Rwanda President Paul Kagame has explained why many African countries are unhappy with the International Criminal Court (ICC), saying the Hague-based body has failed to offer international justice.
He said the court was not serving justice but political interests disguised as international justice.
“Rwanda did not become signatory to ICC because this was not justice. It was politics disguised as international justice,” Kagame said.
Kagame was talking to the international press in Kigali Friday at the end of the annual Umushyikirano – two days of debate by leaders and citizens on the state of the nation. The Umushyikirano is a forum that brings together the Rwanda president and citizens’ representatives to debate national and local issues.
“Expressing yourself as matter of right is used against you, yet we live in a world with lessons on freedom of speech. When we speak of anything that paints the West in a dark light, we pay for it, yet we are given lessons on being free.”
On the ICC, and what was termed growing anti West rhetoric in Africa, he said, “when they commit crimes, and they have committed many against Africa, why doesn’t it apply to them? When Rwanda speaks about this, we are told, we should not be speaking about anything that paints some people in a dark light.”
“I am not anti-west or anti-east. I am against being anti-self, serving someone else interest against your own,” Kagame said.
Kagame urges on service delivery
Earlier, at the close of Umushyikirano 2016, President Kagame urged Rwandans on service delivery and self belief.
“To improve service delivery, you need to change your mentality and believe in your right to demand what you are due. Providing good service is not something we need to be given, we are capable of achieving it if we set our mind to it. If we don’t demand that we get good service, we also have a problem.”
“What we do is not about being praised, it is about the interests of Rwandans. Our mindset should be about achieving everything that is within our abilities. We should not accept to be compared with developed nations of centuries ago; we should aim to be the best we can be.”

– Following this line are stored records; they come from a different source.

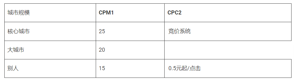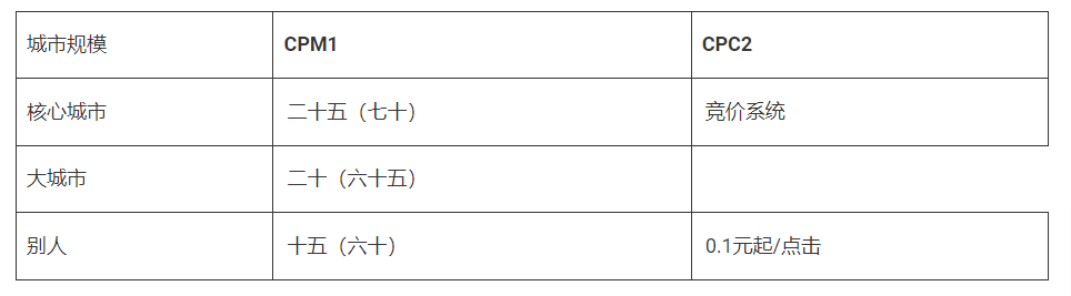 CPM(每千次展示的成本)。 核心城市:北京、上海
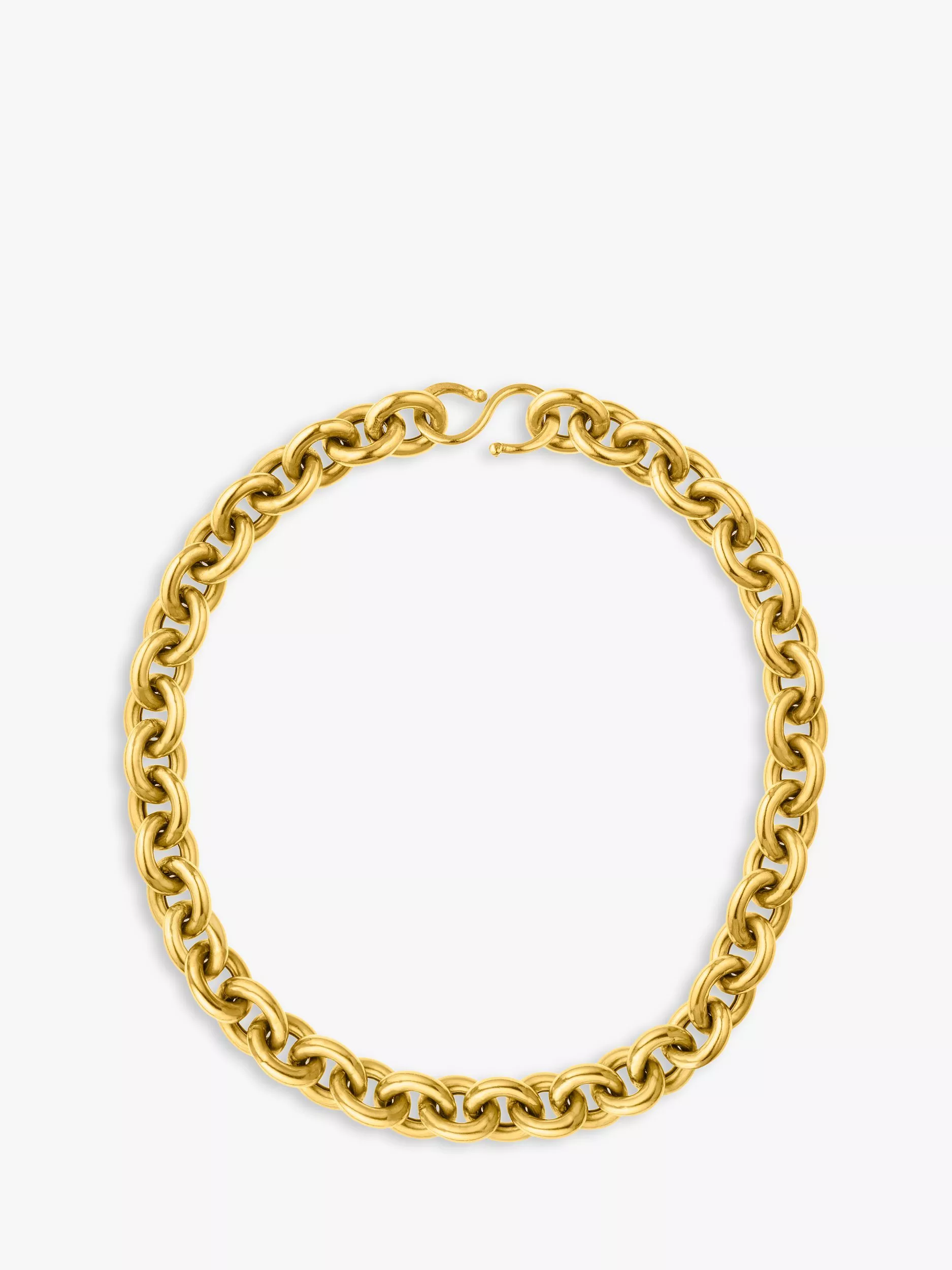 Bold and chic, this gloriously stylish chain necklace makes a real statement and will soon become an indispensable go-to piece. It fastens with an 'S' shaped clasp and although bold, the chain is hollow so is a very comfortable weight. The surface of the chain is very slightly irregular for that Deborah Blyth look.
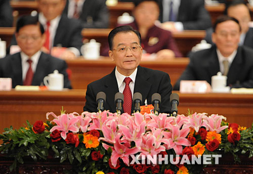 3月5日,第十一屆全國人民代表大會第一次會議在北京人民大會堂開幕。國務院總理溫家寶代表國務院向大會作政府工作報告。 新華社記者李學仁攝
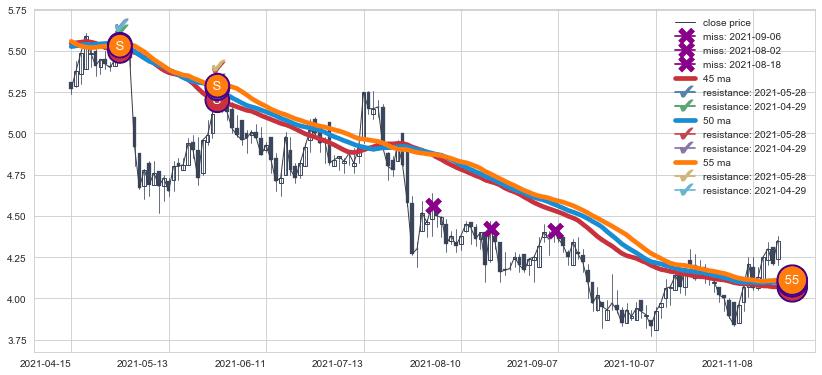 📝 多条均线形成死叉后走势最低价格达到: 2.330

On Rwanda’s economy, Kagame said the government was doing its best to grow the economy to make sure Rwandans were standing on solid ground, with the ultimate goal of surviving without support from elsewhere. He stated that by 2020, Rwandans would have achieved a good percentage of their goals and they would use the lessons learned to move forward.
Concerning the recent apology by a group of local catholic clergy for role of colleagues in the genocide against the Tutsi, Kagame wondered why the Vatican has failed to apologise to Rwandans for genocide against the Tutsi and yet the Pope had publicly apologised to people elsewhere in the world where Catholic Church clergy had committed far much lesser crimes.
“The Vatican has apologized elsewhere for the role of individuals who belonged to the Church, why not in the case of Rwanda? The role of the Catholic Church in the Genocide can be traced back to the intertwining of the Church and colonialism.”
On the Burundi crisis, Kagame stated that the way forward was what was already being done, which he said were the role of the facilitator and the wish of the people of Burundi. On the wish of President Benjamin Mkapa, the facilitator in the Burundi negotiations, to have all refugees sent back home, President Kagame said:
“As Rwanda, what we stand ready for is to contribute positively to the resolutions of Burundi problems. Telling refugees to go back is easy, but the question is what the consequences are? Do we also have to tell the 80,000 refugees to wake up one morning, pack up and go back because everything is fine?”
State of the Nation
On Thursday, Kagame delivered the State of the Nation address.
“There is a tomorrow, a future for you and for all of us together. For the first time, this country sees every citizen as a full stakeholder, not as someone to be singled out, hunted down, categorised, and denied livelihood, or even life,” he said.
“Looking at the arc of our journey, the difficulties encountered along the way serve a purpose because they bring us to something better. This is the source of our confidence in the future.
We have retaken our political space. It is no longer occupied by anything except the interests of Rwandans.”